The UK government is one of many looking to decipher and track national well-being as an alternative measure of progress. The connection of cultural life to ‘progress’, and ‘cultural participation’ to individual, community and national well-being has been reasoned since Aristotle and Plato. More recently the UK’s ministry of culture invested £1.8million in an evidence programme that aimed to substantiate this and other associations to prove the value of culture. Yet despite the long theoretical history and recent financial investment in the ‘culture – well-being’ relationship, ‘culture’ was absent from the UK’s well-being measures for their first two years.

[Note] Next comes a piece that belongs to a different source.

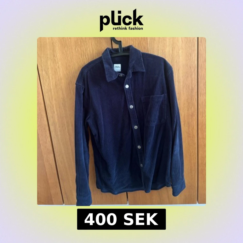 Säljer en snygg mörkblå manchesterskjorta från Zara i storlek M. Skjortan har klassisk krage, bröstficka och knäppning framtill. Perfekt för dig som gillar en lite loose och avslappnad stil. Materialet är mjukt och ger en cool retrovibe.
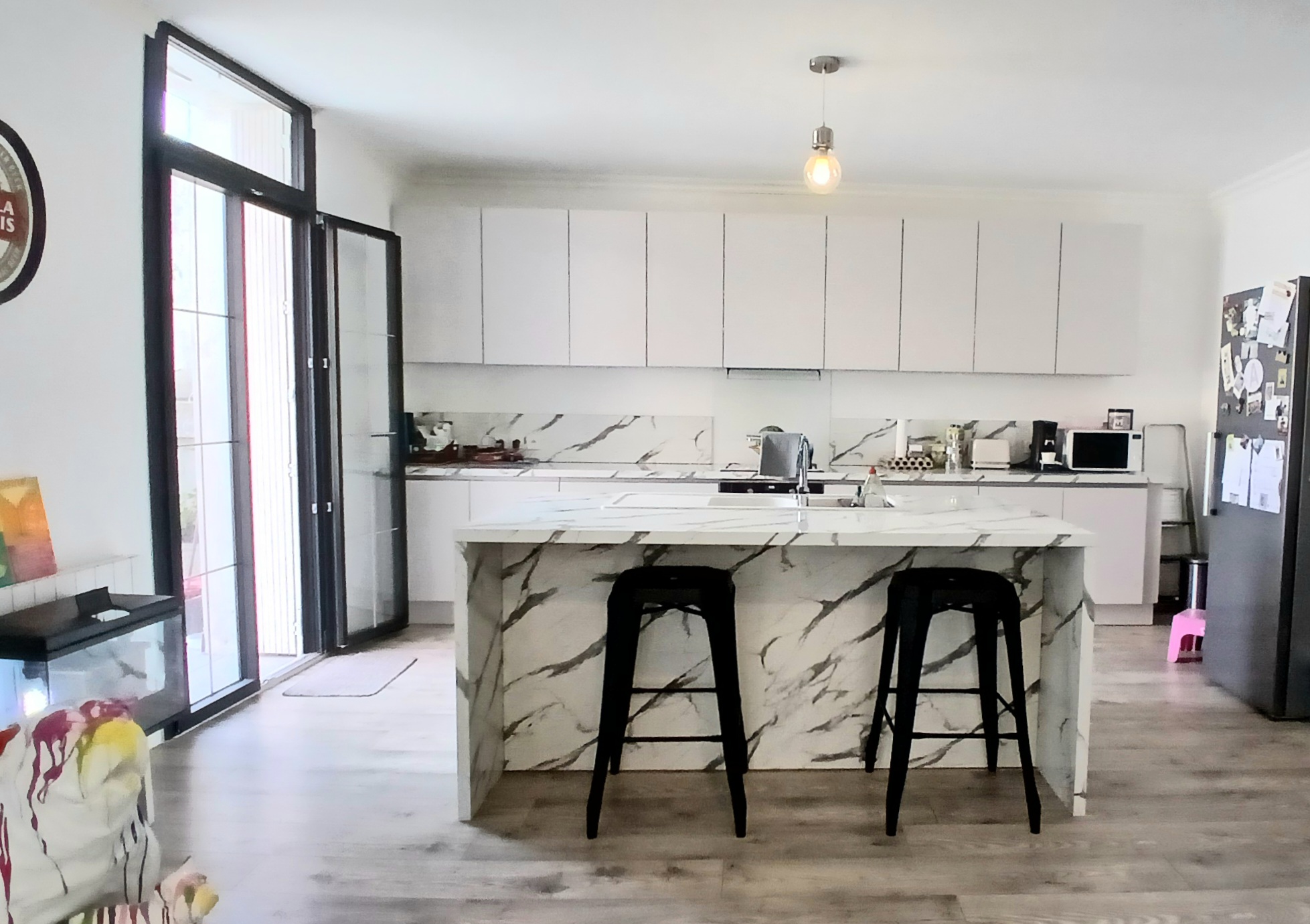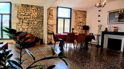 - 1st floor: Hallway of 5 m2, bright living room of 45 m2 with exposed stone walls, 2 balconies and a marble fireplace, storage cupboard of 2.42 m2, shower room/laundry room of 4.78 m2 (WC, hand basin unit, shower, laundry area), spacious, contemporary kitchen of 36 m2 (large central island, induction hob, extractor hood, double sink, storage units:) with a decorative fireplace and access to the terrace, pleasant 65 m2 terrace.

This presentation explores the assumed relationship between ‘culture’ and ‘well-being’ by tracking the two concepts through recent cultural policy.  It presents particular ‘moments’ in recent history that highlight how the relationship is misunderstood and misrepresented. It will aim to demonstrate that this is indicative of wider problems regarding conceptions and articulations of participation in cultural policy, and well-being in wider policy at present.

The other speakers’ abstracts and bios can be found here.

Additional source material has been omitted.